**Work to be completed**
Leave out the pictures and retype, exactly, the lines below from the line with "活动最后,中山海事局给幼儿园" up to and including the line with "Alvinka 390X222 Cm", nothing more.

**Exercise inputs**
^^^^
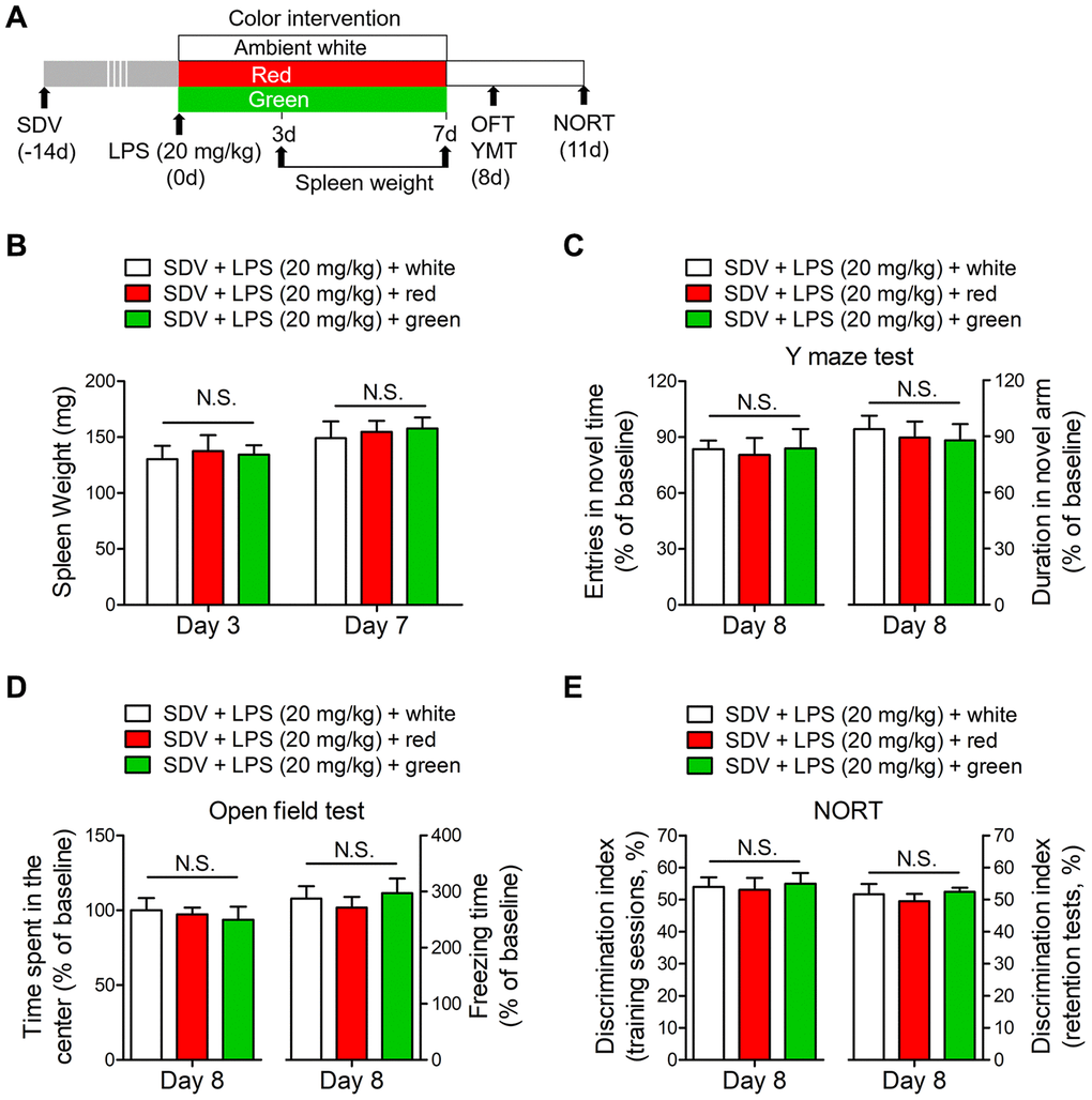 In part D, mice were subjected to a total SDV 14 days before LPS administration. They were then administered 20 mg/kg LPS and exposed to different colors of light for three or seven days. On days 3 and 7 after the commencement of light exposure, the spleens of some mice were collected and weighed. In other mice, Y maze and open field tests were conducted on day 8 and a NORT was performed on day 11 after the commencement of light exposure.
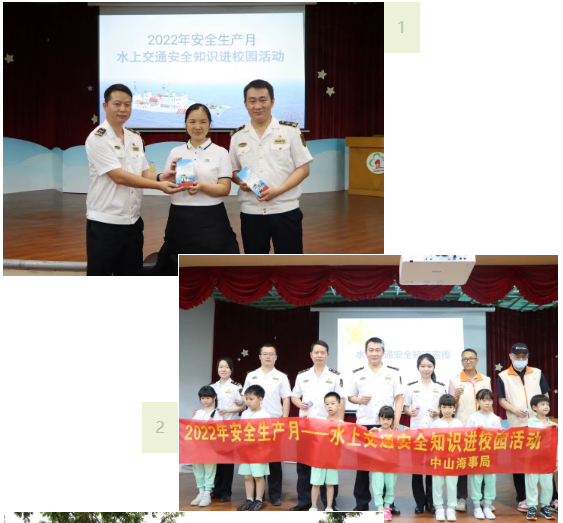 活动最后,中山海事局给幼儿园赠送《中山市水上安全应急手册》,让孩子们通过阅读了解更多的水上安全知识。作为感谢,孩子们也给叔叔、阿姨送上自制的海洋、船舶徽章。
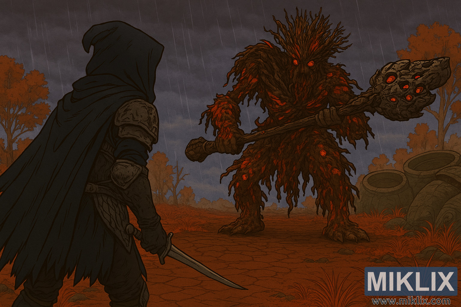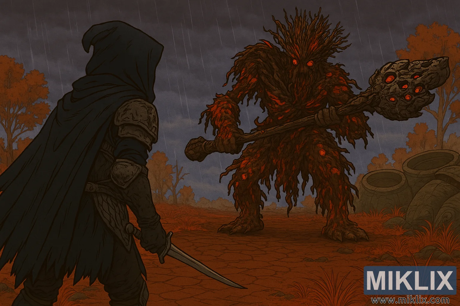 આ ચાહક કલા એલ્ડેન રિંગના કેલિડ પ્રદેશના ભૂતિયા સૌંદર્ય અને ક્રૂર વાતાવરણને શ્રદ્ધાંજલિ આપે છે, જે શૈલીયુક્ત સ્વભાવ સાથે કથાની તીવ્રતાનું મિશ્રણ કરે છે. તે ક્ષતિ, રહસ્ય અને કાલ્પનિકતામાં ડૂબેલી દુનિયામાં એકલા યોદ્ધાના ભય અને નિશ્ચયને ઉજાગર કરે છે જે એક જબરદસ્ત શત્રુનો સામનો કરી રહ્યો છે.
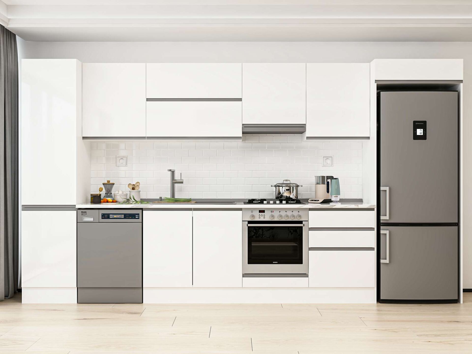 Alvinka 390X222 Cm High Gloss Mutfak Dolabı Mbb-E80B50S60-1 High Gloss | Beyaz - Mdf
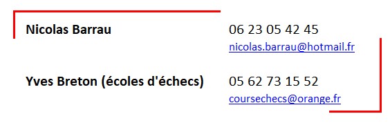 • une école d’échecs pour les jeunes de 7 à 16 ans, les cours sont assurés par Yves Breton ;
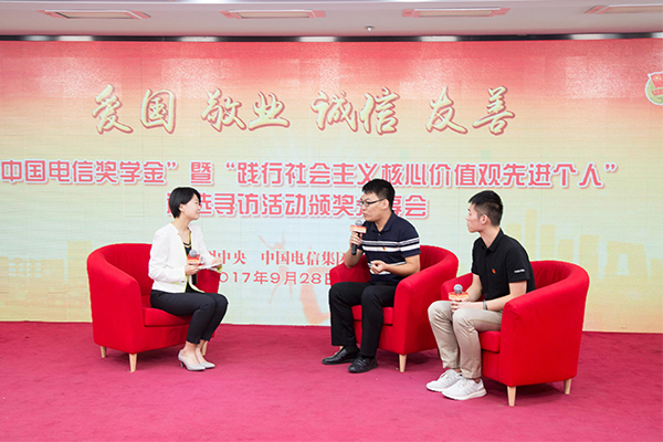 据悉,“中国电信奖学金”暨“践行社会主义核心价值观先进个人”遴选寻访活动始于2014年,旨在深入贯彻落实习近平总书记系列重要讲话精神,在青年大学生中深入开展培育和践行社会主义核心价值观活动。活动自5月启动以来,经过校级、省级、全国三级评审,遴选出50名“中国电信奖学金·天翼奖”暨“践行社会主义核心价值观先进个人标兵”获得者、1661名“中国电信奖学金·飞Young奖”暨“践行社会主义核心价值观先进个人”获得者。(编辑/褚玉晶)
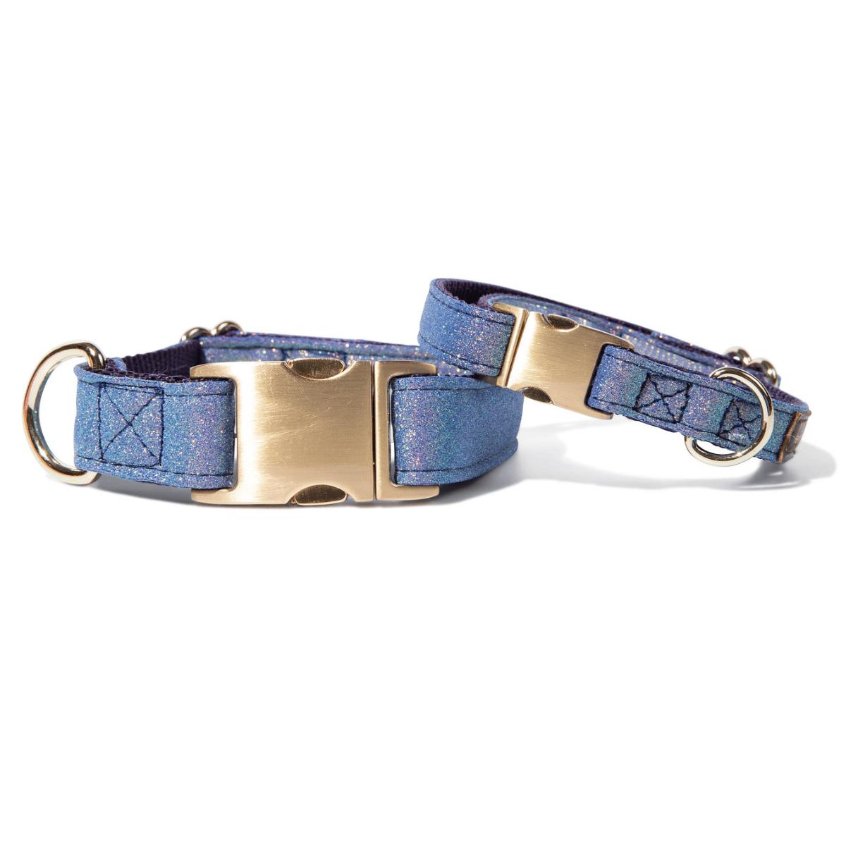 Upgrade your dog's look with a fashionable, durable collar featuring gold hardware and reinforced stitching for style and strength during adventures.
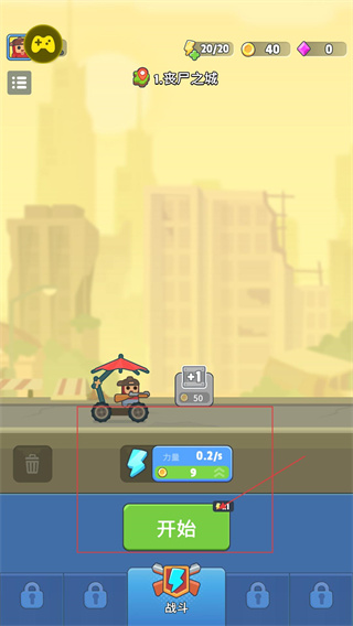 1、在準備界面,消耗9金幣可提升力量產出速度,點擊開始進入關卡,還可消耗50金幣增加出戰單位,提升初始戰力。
^^^^
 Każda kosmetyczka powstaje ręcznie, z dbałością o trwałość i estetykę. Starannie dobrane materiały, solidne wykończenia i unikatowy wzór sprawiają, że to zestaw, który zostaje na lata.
^^^^
**Solution for this task**
 活动最后,中山海事局给幼儿园赠送《中山市水上安全应急手册》,让孩子们通过阅读了解更多的水上安全知识。作为感谢,孩子们也给叔叔、阿姨送上自制的海洋、船舶徽章。
 આ ચાહક કલા એલ્ડેન રિંગના કેલિડ પ્રદેશના ભૂતિયા સૌંદર્ય અને ક્રૂર વાતાવરણને શ્રદ્ધાંજલિ આપે છે, જે શૈલીયુક્ત સ્વભાવ સાથે કથાની તીવ્રતાનું મિશ્રણ કરે છે. તે ક્ષતિ, રહસ્ય અને કાલ્પનિકતામાં ડૂબેલી દુનિયામાં એકલા યોદ્ધાના ભય અને નિશ્ચયને ઉજાગર કરે છે જે એક જબરદસ્ત શત્રુનો સામનો કરી રહ્યો છે.
 Alvinka 390X222 Cm High Gloss Mutfak Dolabı Mbb-E80B50S60-1 High Gloss | Beyaz - Mdf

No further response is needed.